The highs and lows of nostalgic travel
This article first appeared in Momentum. Click here to view the original.
Trips into history are on the rise, but sometimes the past just wants to be left alone
I ring the bell tentatively. The steel apartment door, painted gentle beige, is monolithic.
The chime rings out—a characteristically Japanese tune, electric and playful, yet soothing—and immediately I’m thrown into memories of childhood: spying on people through the peephole, throwing water balloons from the balcony, setting a cacophony of firecrackers off in the hall, singeing my leg.
A moment passes, then a man grunts.
‘Um … sorry to disturb, I was just wondering if I could come in. I used to live here …’ I start.
But there’s no way he understands English. I motion to my wife, who continues in Japanese. After her brief explanation the man grunts again. The words are alien, but his tone is definitely negative.

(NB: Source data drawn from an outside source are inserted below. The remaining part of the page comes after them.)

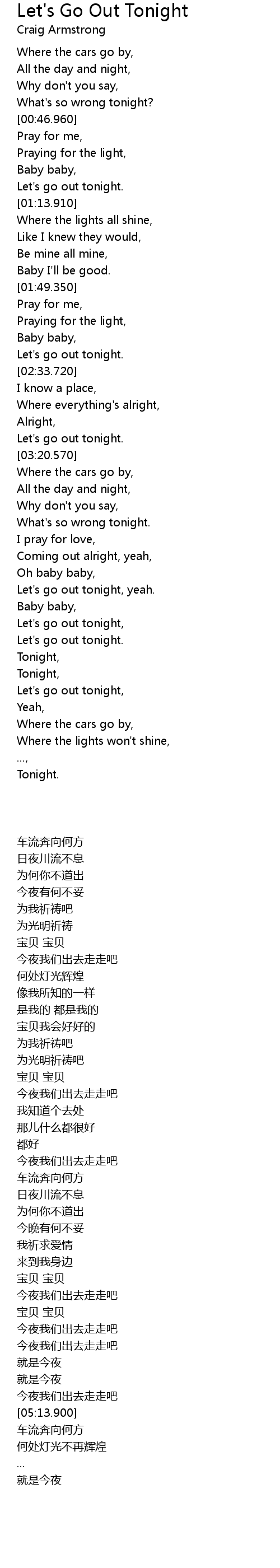 | [04:17.450] | Let' s go out tonight, yeah. |
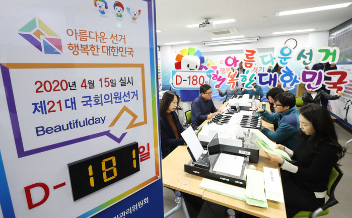 제21대 국회의원선거를 181일 앞둔 17일 오전 경기도 수원시 영통구 경기도선거관리위원회에서 직원들이 '국회의원선거 D-180일, 아름다운 선거-행복한 대한민국' 퍼포먼스를 하고 있다.
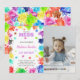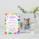 Lägg till en konstnärlig beröring till ditt barns födelsedag med den här vackra färginbjudan som innehåller deras foto! De mjuka, pastellfärgerna i kombination med ett personlig-foto gör den här perfekten för födelsedagsfester, kreativ firande eller konstnärliga händelser. Helt redigerbart för att anpassa ditt meddelande, namn och ålder.
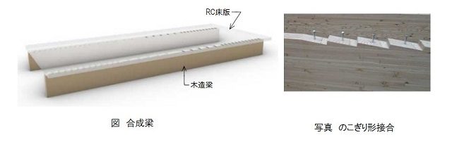 木質梁そのものに凹凸をつけRC床版とつなげる「のこぎり形接合」による構法。木とコンクリートの圧縮強度が近い特性を活かしお互いを強固に接合させることができる。RC床版が木造梁の剛性を高めるため、鉄骨造とコンクリートスラブによる床と同様の揺れにくさを実現した。梁の長さは従来の倍の約12mのロングスパンを実現するほか、梁せい(梁の高さ)を非合成梁と比較して約4分の3の90cmに抑えることが可能。これにより、中大規模木造建築の広い床面積と、建物の階数増加に対応できるようになった。高層化の際に増床につなげられるほか、耐火被覆面積の削減や建築費削減が可能になるとしている。
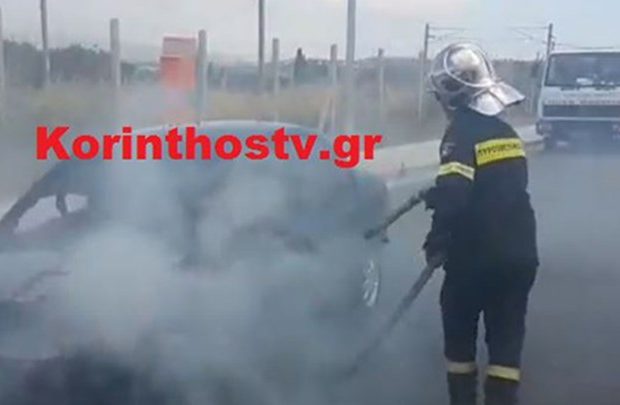 Αυτοκίνητο εν κινήσει πήρε φωτιά πριν από λίγα λεπτά στο 90 χλμ της Ν.Ε.Ο Κορίνθου – Πατρών στο ρεύμα κυκλοφορίας προς Πάτρα στο ύψος της Αρχαίας Κορίνθου.

My wife apologizes for disturbing him—standard protocol for pretty much any interaction in Japan—and we leave.
It’s a disappointing finale to a mission I’ve given myself on my return to Japan 25 years after having lived there as a kid: to seek out and reconnect with the old haunts of my past.
And this kind of nostalgic travel experience, a most backward-looking of undertakings, appears to be on the rise.

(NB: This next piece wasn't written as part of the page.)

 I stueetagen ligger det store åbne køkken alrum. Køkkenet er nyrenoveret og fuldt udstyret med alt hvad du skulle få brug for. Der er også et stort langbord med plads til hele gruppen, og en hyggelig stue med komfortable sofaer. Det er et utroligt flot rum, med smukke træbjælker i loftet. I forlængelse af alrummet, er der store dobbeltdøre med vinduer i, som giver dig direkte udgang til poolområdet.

We travel to experience ‘newness’—new places, new people, new foods, new experiences—deliberately moving away from the past, or at least adding to it, by immersing ourselves in an inspiring present. But when that novelty can be found by invoking the past, there’s money to be made.
From the 1950s-themed Ellen’s Stardust Diner in New York, to the Nostalgia Hotel Beijing, to Carnival Cruise Line’s Throwback Sea Days, it seems we’ve never had so many chances to dive into yesteryear.

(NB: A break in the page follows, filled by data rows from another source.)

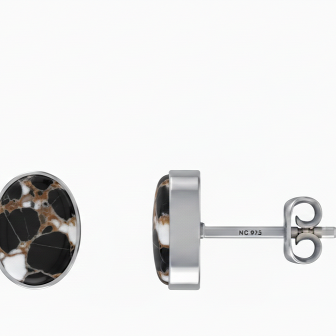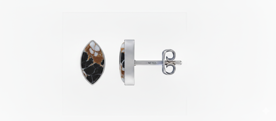 Premium Classic 925 Silver White Buffalo Gemstone Pear Marquise Oval Cab Butterfly Lock Stud Earrings Bezel Setting 3-Piece Gift
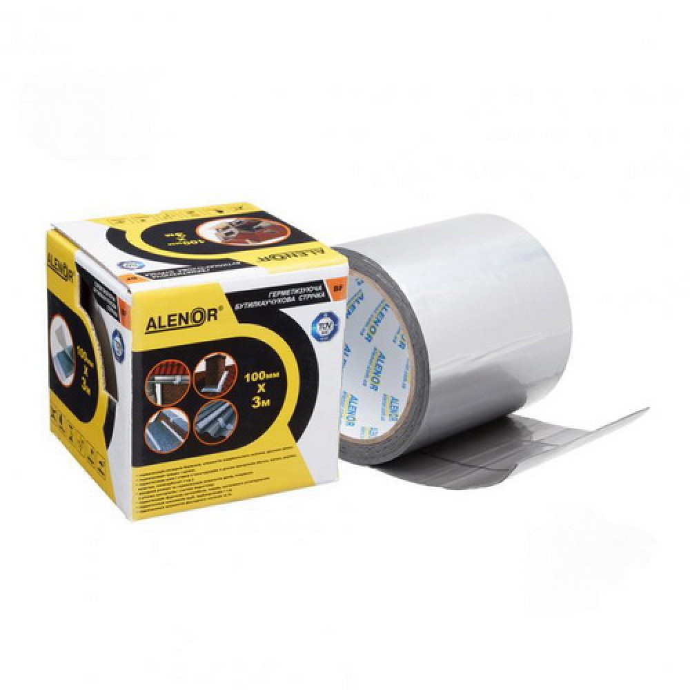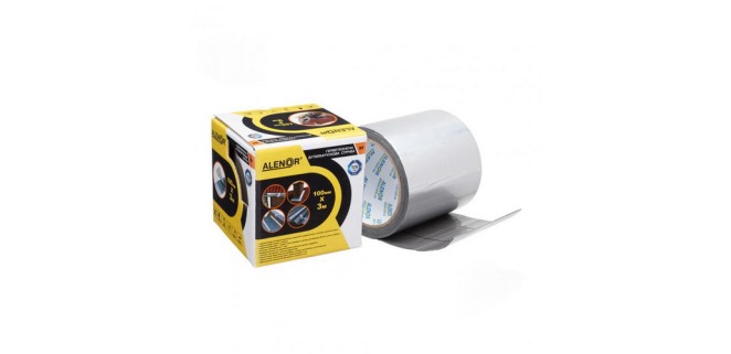ALENOR BF - стрічка для ремонту покрівлі, герметизуюча, фольгована, на основі бутилкаучуку постійної липкості із захисною антиадгезійною плівкою, колір алюміній, розмір 100 мм х 3 м
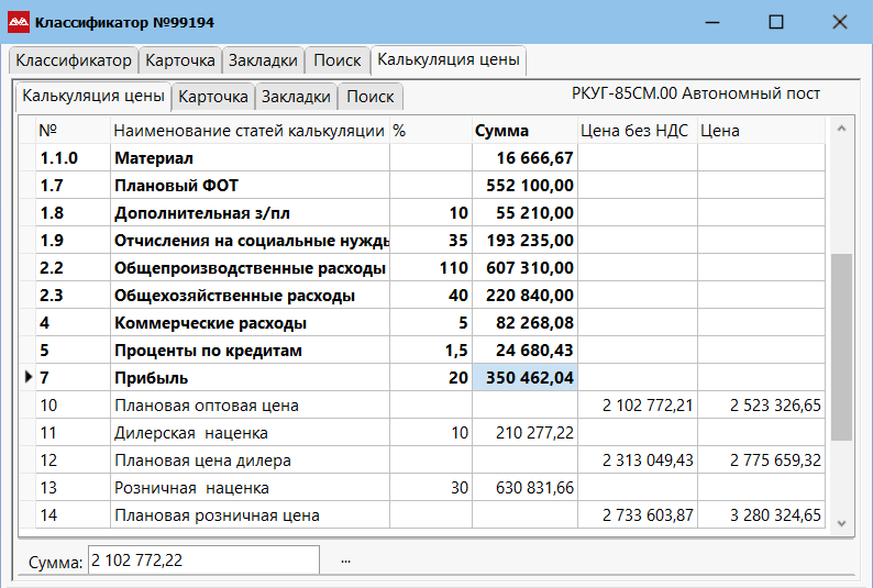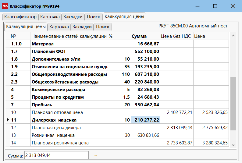 - 10 «Плановая оптовая цена» в колонке «Цена без НДС» показывает сумму строк, расположенных выше.

Nostalgia itself is not what it used to be. Once considered a pathological disease worthy of shame, ridicule and even being buried alive, it’s now, at worst, a sentimental indulgence, and at best a way for travel marketers to boost business. For some, it’s the basis of their entire business.
Nostalgia Travel based near Oxford in the UK provides vintage cars and buses for weddings and other events. ‘Nostalgia is a moving feast,’ says owner Peter Skinner. ‘Depending on your age, different decades will appeal. We’ve been in business constantly for 20 years and it’s been getting busier recently.’
But there’s a difference between historical nostalgia—curiosity about past eras that one may or may not be connected to—and personal nostalgia, the kind I was indulging in, seeking out the places, sights and experiences from my own past to … to achieve what?
That’s hard to say. Nostalgia is ‘a wistful or excessively sentimental yearning for return to or of some past period or irrecoverable condition,’ according to Merriam-Webster. Perhaps I just wanted to be a kid again. Perhaps my time in Japan was so great I wanted to retrieve it, or at least not lose it. Perhaps with all the stress and responsibility and turmoil that comes with adult life, I wanted to reinforce my connection to childhood. ‘I was once young, wild and carefree! Look, I’ll show you!’
Not everyone’s convinced this is healthy. Lucy Copp, a blogger from Los Angeles, has written about her own nostalgic episodes in which she compares her present to her past. ‘The consequences of remembering only the good times are disruptive to personal growth and collective memory,’ she says.
She lived in Morocco in 2009. ‘When I returned, I talked about Morocco as if it were a spiritual gift that was bestowed upon me and everything about Morocco was different (and better) than home.’
That had the unfortunate effect of making her current life in LA, ‘a web of freeways, paying parking tickets, and sitting in traffic,’ compare poorly. ‘Only remembering and revealing these things is a lopsided (or worse, Orientalist) understanding of an actual people and their culture,’ she says.
To make her reminiscing more accurate, she now deliberately recalls the bad times too, to lose the rose-tinted effect nostalgia can produce.
But my problem was different; I was comparing a place across time, rather than my time in different places. Inside my childhood memories Kobe was fresh, novel and exciting; my only tasks were to explore and discover. On my return, the effects of 25 years of age, both on the place and myself, were stark.
There was decay: the signage at a favorite shopping center, bright and inviting in memory, had faded, lost letters. There was tragedy: a favorite shop, full of curiosities and games back then, was replaced by a large patch of grassy dirt after the 1995 earthquake in the city. There was replacement: the faceless man now living in ‘my’ childhood home.
On reflection, I’m glad he refused me. I feel as if he spoke a useful lesson: move on, stop looking back, this chapter is now closed.
Perhaps that 1960s diner, for someone born in the 1970s, can be both new and nostalgic. I’ll look forward to that.